In other words, “Microsoft left a big privacy loophole in its Internet Explorer browser and is now going after Google for driving a truck through it,” writes the Los Angeles Times.
“Under the guise of transparency, Google is actually bypassing a privacy setting put in place by a major competitor,” scolds Business Insider. “Sneaky!”
Yet, “Google's senior vice president of communications and policy, Rachel Whetstone, countered in an emailed statement that Microsoft's policy is ‘widely non-operational,’” reports Computerworld. “Newer cookie-based features are broken by the Microsoft implementation in IE, Google said.”
Google’s “response also points to other offenders, citing a 2010 Carnegie Mellon research paper,” writes The Verge. “Google's also specifically bringing Facebook and Amazon into the fracas, citing their similar use of the P3P bypass.”
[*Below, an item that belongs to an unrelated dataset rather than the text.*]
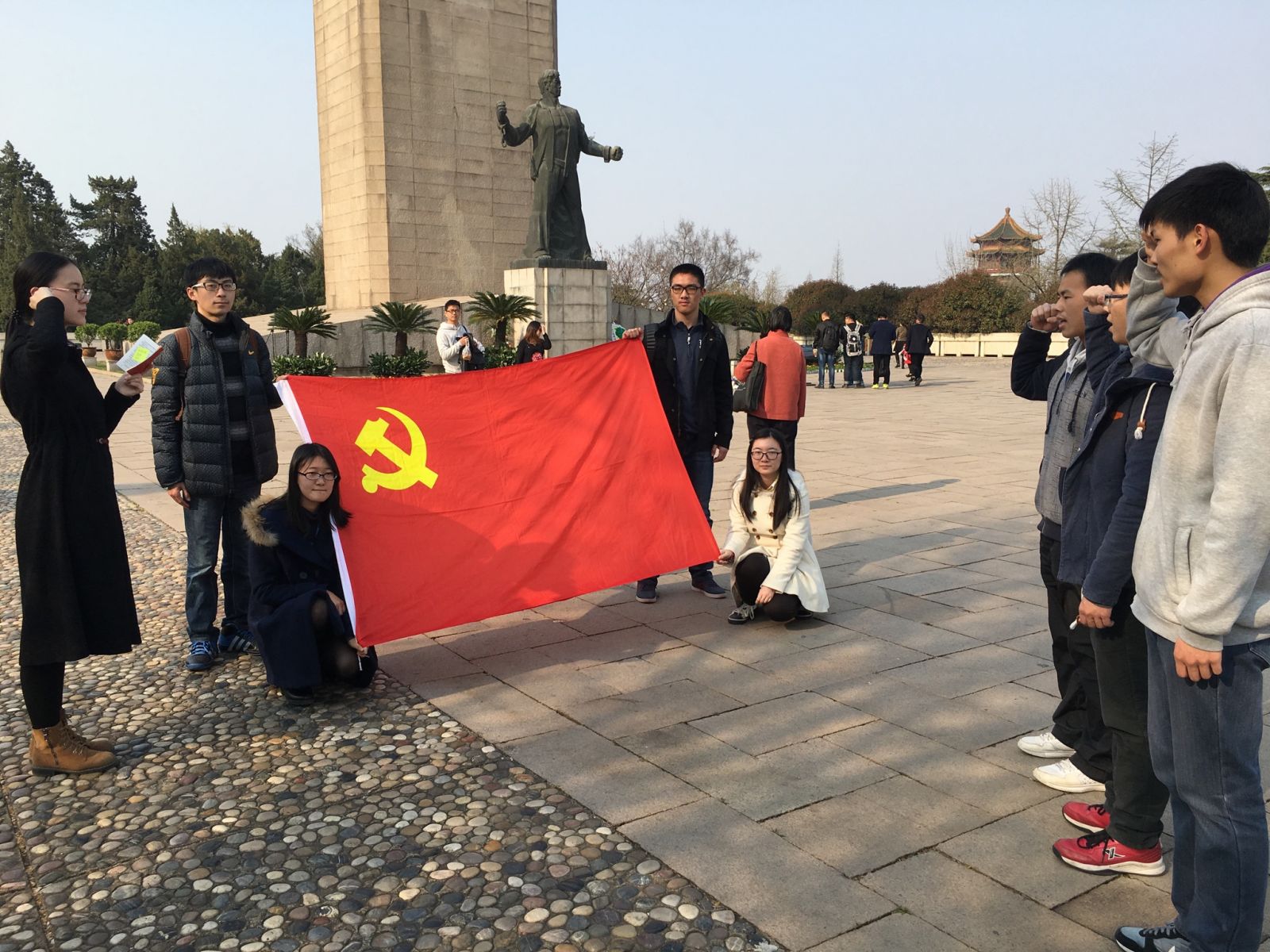 3月27日下午,东京热 仙林学生党支部的成员和15级入党积极分子一同来到南京市雨花台烈士陵园缅怀先烈参观学习,并且举行了新入党预备党员的宣誓活动。

“Many companies are taking advantage of Internet Explorer’s poor cookie blocking implementation for their own purposes,” according to ZDNet. “Their excuse is that [Privacy Preferences Project -- a protocol allowing websites to declare their intended use of information they collect about browsing users] is dead and IE’s cookie blocking would break their Web site, so they just work around the browser’s privacy controls.”
Meanwhile, Microsoft has recently taken any opportunity to bash rival Google, as CNet notes. “Microsoft slammed Google earlier this week after The Wall Street Journal reported that Google had sidestepped Safari user privacy settings to track Internet users,” it writes.